“Su sangre era mucho más sensible
que cualquier otra parte de su cuerpo;
transmitía el anuncio de su ruina
a través de todo su organismo”.
F. O.
Cuando hacía algo bueno le salían ronchas.
Sarpullidos que enrojecían su piel llenándola de granos y produciéndola una picazón
que no sabía soportar. Por eso, decía, no le gustaba ser buena. Porque el
cuerpo no la dejaba. Porque Dios, de haber tenido cuerpo, no habría sido bueno
en lo absoluto. O su piel habría sido constantemente una llaga, y no lo hubiese
podido soportar.
En ocasiones, no se daba cuenta que era buena hasta
que aparecían las ronchas. Entonces, ellas mismas le advertían que algo debía cambiar.
A veces incluso bastaba pensar en ellas para que desaparecieran. Olvidarse del
resto, digamos, y centrarse en la piel, hasta que todo fuese como antes.

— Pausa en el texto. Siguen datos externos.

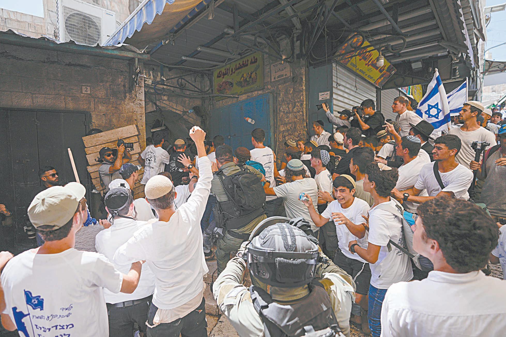 Tras cruzar la Puerta de Damasco, muchos de estos israelíes golpearon con fuerza las puertas cerradas de las tiendas de los comerciantes palestinos, que como cada año, se ven obligados a cerrar sus negocios horas antes de la Marcha de las Banderas, a fin de evitar enfrentamientos y agresiones.
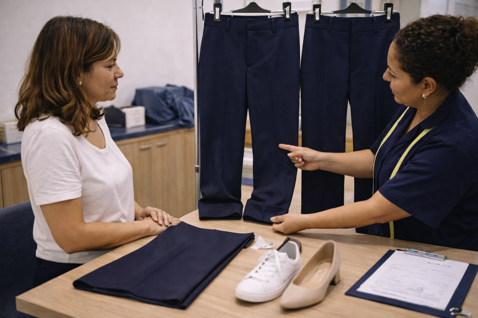 Como ajustar a barra da calça para usar com diferentes tipos de sapato é uma dúvida mais importante do que parece. Você veste a peça, gosta do tecido, da modelagem e até do look montado, mas algo não encaixa. Muitas vezes, o problema não está na calça nem no sapato. Está no comprimento entre os dois. E quando esse detalhe é resolvido, tudo muda. Ajustar a barra da calça para usar com diferentes tipos de sapato faz o visual parecer mais equilibrado, mais elegante e muito mais intencional. Se você já sentiu que uma peça bonita nunca ficava perfeita com certos calçados, vale continuar lendo. Por que ajustar a barra da calça para usar com diferentes tipos de sapato faz tanta diferença A barra não é apenas o final da peça. Ela influencia a silhueta, o movimento da roupa e a forma como o sapato aparece no look. Quando o comprimento está errado, a calça pode arrastar, dobrar demais, esconder o calçado ou encurtar visualmente a perna. Já quando a barra está certa, o resultado fica mais leve, mais elegante e muito mais coerente com a proposta da produção. É esse encontro entre roupa e sapato que faz o caimento funcionar de verdade. Como ajustar a barra da calça para usar com diferentes tipos de sapato no dia a dia O primeiro passo é simples: pensar no uso real da peça. Antes de ajustar, vale observar: Essas respostas são o que definem um ajuste inteligente. Porque a barra ideal não nasce de uma regra genérica. Ela nasce da sua rotina. Barra da calça com tênis: o que observar Quando a calça será usada com tênis, o ideal é buscar um comprimento que mantenha a leveza do visual e evite excesso de tecido. Se a barra sobra demais, o look pode parecer pesado e desleixado. Se fica curta demais, também pode quebrar a proporção da peça. Com tênis, a barra costuma funcionar melhor quando: Se você quer uma peça prática e bonita ao mesmo tempo, esse ponto faz toda a diferença. Barra da calça com salto: quando o comprimento muda Com salto, a lógica é outra. A barra pode ser mais alongada para valorizar a silhueta e criar um efeito mais elegante. Esse tipo de ajuste costuma funcionar muito bem em modelos como flare, pantalona e alfaiataria. O salto ajuda a sustentar o comprimento maior e faz o visual ganhar presença. Mas atenção: elegante não é o mesmo que arrastando. A barra deve ficar próxima ao chão, sem prender no pé nem desgastar a bainha. É esse equilíbrio que faz a peça parecer sofisticada de verdade. Barra da calça com sapatilha, mocassim ou rasteira Sapatos baixos pedem um olhar especial, porque eles não elevam a peça como o salto faz. Nesse caso, ajustar a barra da calça para usar com diferentes tipos de sapato significa evitar que o tecido pese no visual. A peça precisa acompanhar o corpo com leveza e manter um bom acabamento. Com sapatilha, mocassim ou rasteira, vale observar se: Esse tipo de ajuste ajuda a roupa a funcionar melhor no cotidiano e evita aquela sensação de peça sempre “quase certa”. Cada modelo de calça pede uma decisão diferente Não existe uma única resposta para todas as peças. O jeito de ajustar a barra da calça para usar com diferentes tipos de sapato depende muito da modelagem. A flare pede um comprimento mais alongado. A pantalona precisa preservar fluidez sem arrastar. A alfaiataria exige precisão. O jeans reto pede equilíbrio. Já a legging e os modelos mais ajustados costumam funcionar melhor com acabamento mais limpo no tornozelo. Por isso, o melhor ajuste não é só sobre o sapato. É sobre a relação entre o sapato, o modelo da calça e o efeito que você quer manter. O erro mais comum ao tentar adaptar uma única barra para tudo Muita gente tenta fazer uma mesma barra servir para todos os calçados. E é aí que surgem as frustrações. Quando se busca um comprimento que funcione com salto, tênis, rasteira e mocassim ao mesmo tempo, o risco é ficar no meio do caminho. A peça não fica perfeita com nenhum deles. Em alguns modelos, até existe uma margem de versatilidade. Mas em outros, principalmente flare e pantalona, o ideal é escolher com clareza o uso principal da peça. Se você está em dúvida, pense no que acontece de verdade no seu armário, não no look idealizado. Isso já muda completamente a decisão. Como saber se a barra da calça precisa de ajuste O espelho dá sinais claros quando algo não está funcionando. Preste atenção se: Se isso acontece, a peça provavelmente não está ajustada para os tipos de sapato que você realmente usa. O que o ajuste certo muda no visual Quando a barra acompanha bem o sapato, a transformação aparece na hora. A roupa ganha caimento, o corpo parece mais proporcional e o look transmite mais intenção. Além disso, a peça se torna mais confortável de usar, porque passa a acompanhar seus movimentos sem atrapalhar. É aquele tipo de detalhe que deixa tudo mais bonito sem precisar de exagero. E, muitas vezes, é justamente isso que faltava para uma calça parada voltar a ser uma das mais usadas do armário. Na Tem Jeito, o ajuste é pensado para a sua rotina Na Tem Jeito, ajustar a barra da calça para usar com diferentes tipos de sapato não é só uma questão de medida. É uma forma de fazer a roupa funcionar melhor para a sua vida real. Cada peça merece um olhar que considere estilo, caimento, conforto e frequência de uso. Porque quando o ajuste respeita esses pontos, a roupa deixa de ser apenas bonita e passa a ser realmente útil, elegante e segura no corpo. Conclusão Ajustar a barra da calça para usar com diferentes tipos de sapato é o que faz a peça ganhar equilíbrio, elegância e praticidade no dia a dia. Quando o comprimento conversa com o calçado certo, o look muda, a silhueta melhora

A mí, supuestamente, dejó de verme por eso. Me
explicó que estar conmigo se traducía en un incesante sarpullido. No le creí en
un inicio, pero mientras me lo explicaba su piel enrojeció de golpe y sus uñas
se enterraron en ella, hasta hacerla sangrar. Aunque no te importe la verdad,
te la digo, me dijo. Luego la oí reírse, nerviosa, mientras se daba media
vuelta y se iba del lugar.
Volví a verla años después, de casualidad, sin que
notase mi presencia. Iba conversando con un hombre y cargaba a un niño. Su piel
estaba tersa y su sonrisa era distinta a la que creía recordar. Cuando pasé
junto a ella me pareció que se rascaba ligeramente una mejilla.